WORK INSTRUCTION: From the first line of the material to the line containing "Memory OCZ OCZ3G1333LV4G", inclusive, write out each line exactly, leaving out the pictures.

SOURCE DATA:
++++
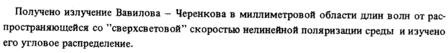 Получено излучение Вавилова Черенкова в миллиметровой области длин волн от распространяющейся со "сверхсветовой" скоростью нелинейной поляризации среды и изучено его угловое распределение.
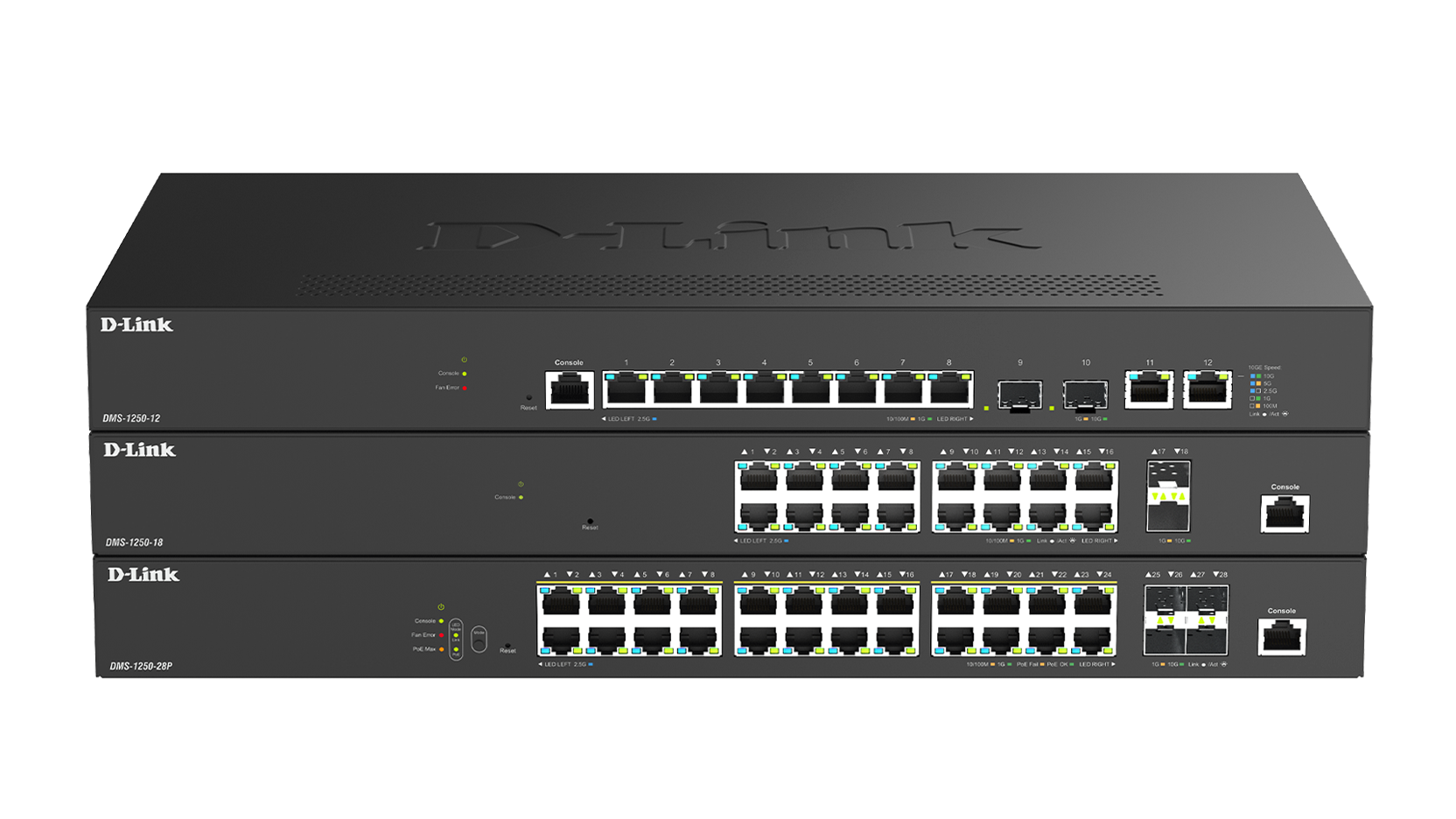 Díky široké škále Fast Ethernet, Gigabit, 10-Gigabit a 40-Gigabit přepínačů poskytuje D-Link řešení pro metalické a optické sítě, od přístupu k páteři.
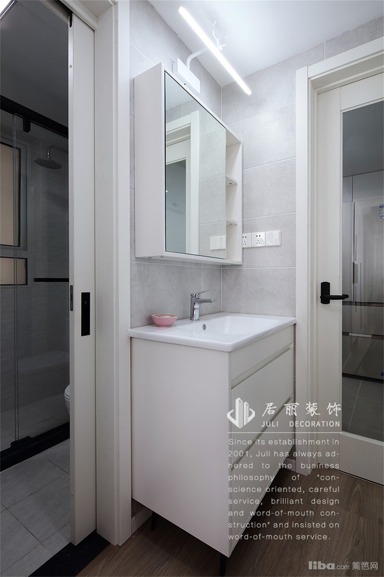 借用走道空间和卫生间有机结合,让走道空间变大,也满足干湿分离需求。
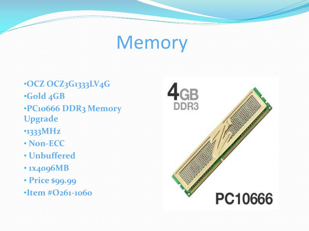 Memory OCZ OCZ3G1333LV4G Gold 4GB PC10666 DDR3 Memory Upgrade 1333MHz Non-ECC Unbuffered 1x4096MB Price $99.99 Item #O261-1060
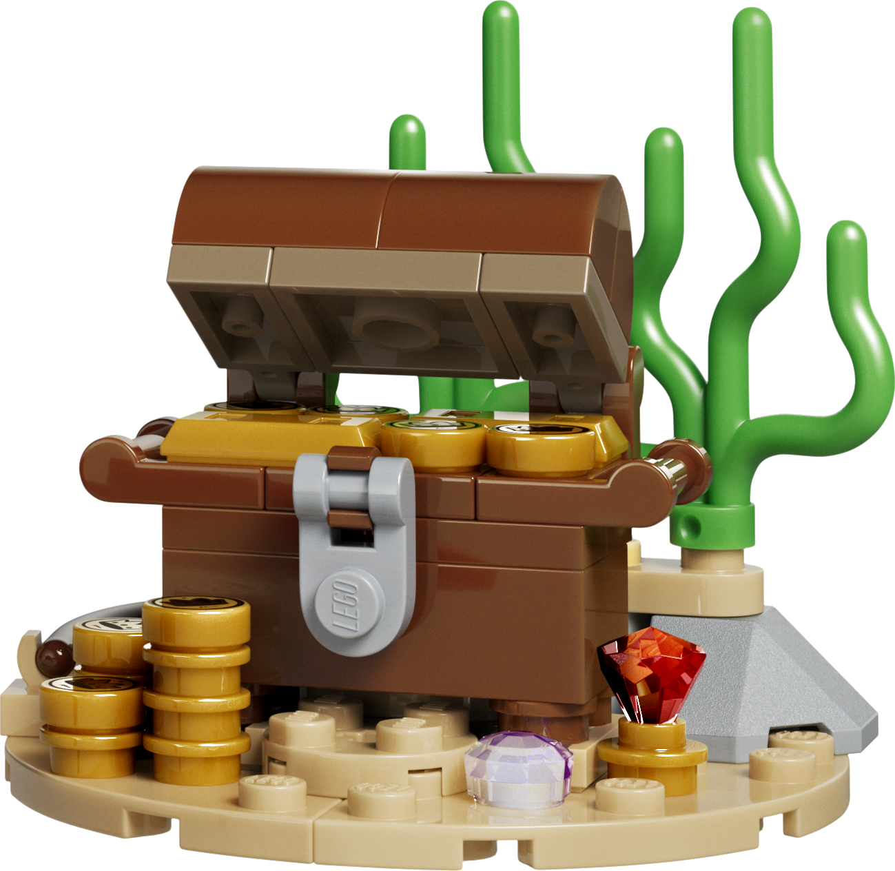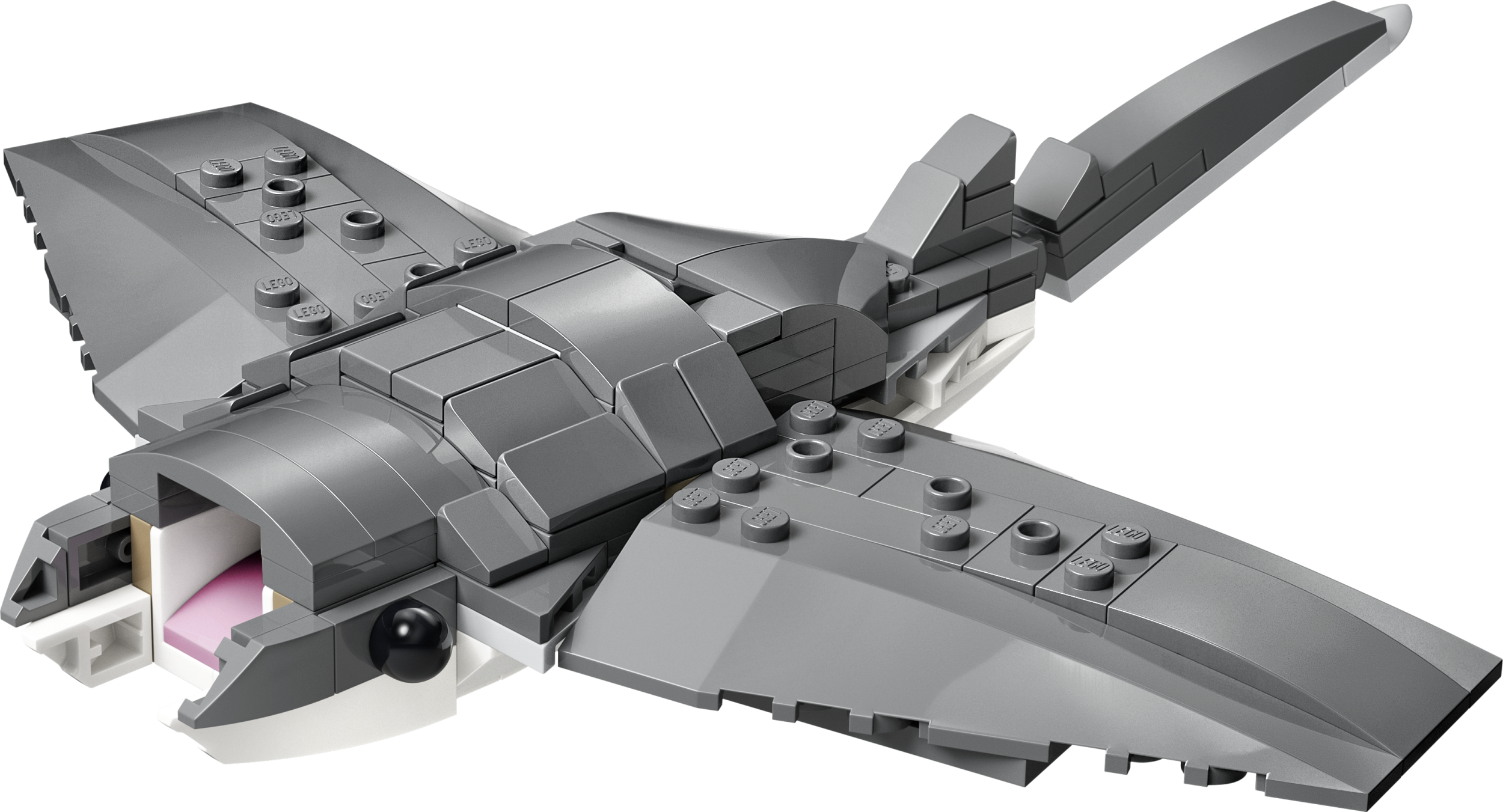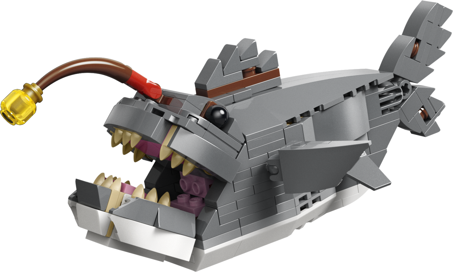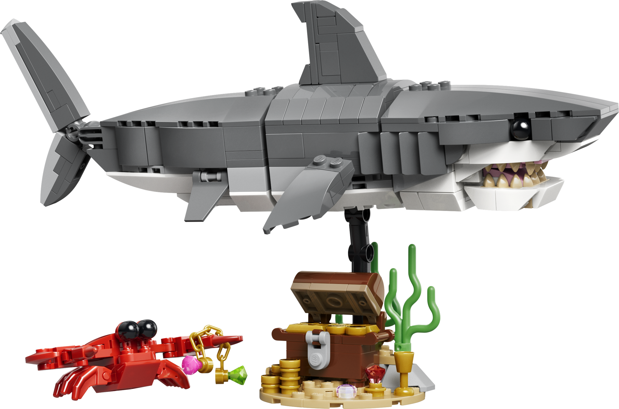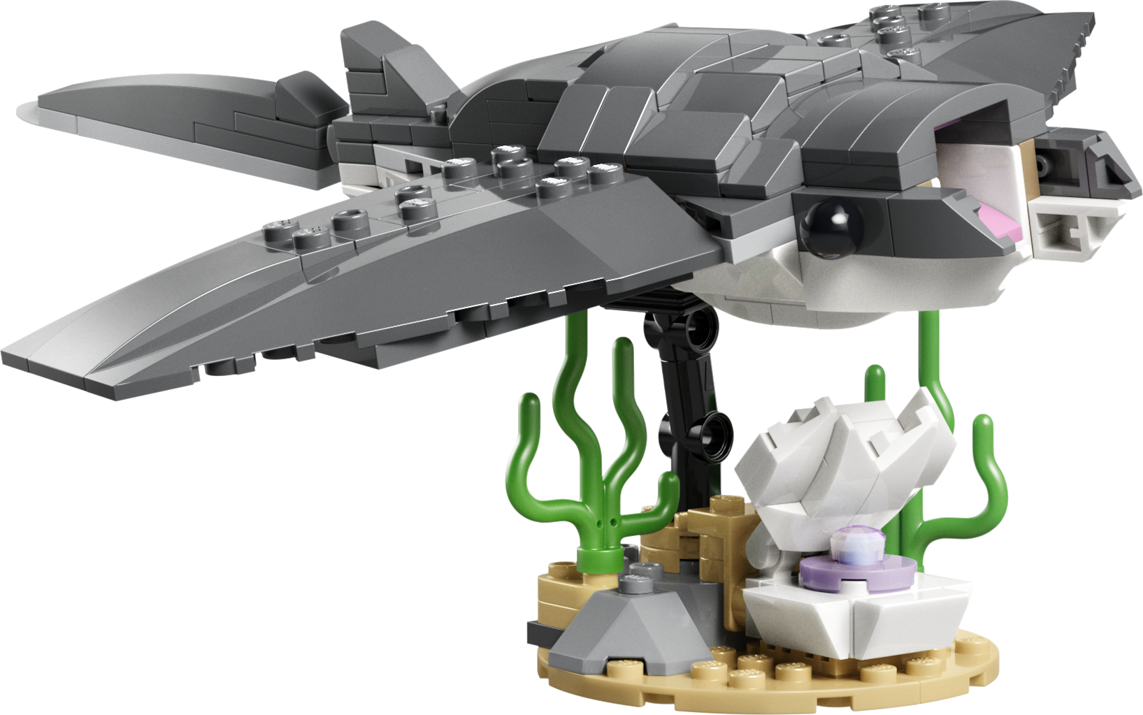 - БЕСКОНЕЧНЫЕ ВАРИАНТЫ ТВОРЧЕСКОЙ ИГРЫ — дети могут наслаждаться увлекательными историями с тремя игрушечными морскими существами (модели нельзя собрать одновременно): игрушечной акулой с сундуком с сокровищами, рыбой-удильщиком или скатом манта.
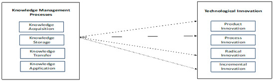 An extensive strand in the literature examines the influence of different knowledge management processes on various types of innovation. According to Marvel [58] and Molina-Morales et al. [59], knowledge acquisition directly enhances new product development and significantly improves existing services while knowledge application facilitates practical implementation in product development. This leads to innovative products that meet new market demands or enhance the user experience. Furthermore, knowledge storage enables organizations to optimize, increasing efficiency and reducing costs [60,61]. On the other hand, knowledge transfer across departments can uncover more efficient production techniques or distribution methods, enhancing overall process innovation.
++++
SOLUTION TO THIS EXERCISE:
 Получено излучение Вавилова Черенкова в миллиметровой области длин волн от распространяющейся со "сверхсветовой" скоростью нелинейной поляризации среды и изучено его угловое распределение.
 Díky široké škále Fast Ethernet, Gigabit, 10-Gigabit a 40-Gigabit přepínačů poskytuje D-Link řešení pro metalické a optické sítě, od přístupu k páteři.
 借用走道空间和卫生间有机结合,让走道空间变大,也满足干湿分离需求。
 Memory OCZ OCZ3G1333LV4G Gold 4GB PC10666 DDR3 Memory Upgrade 1333MHz Non-ECC Unbuffered 1x4096MB Price $99.99 Item #O261-1060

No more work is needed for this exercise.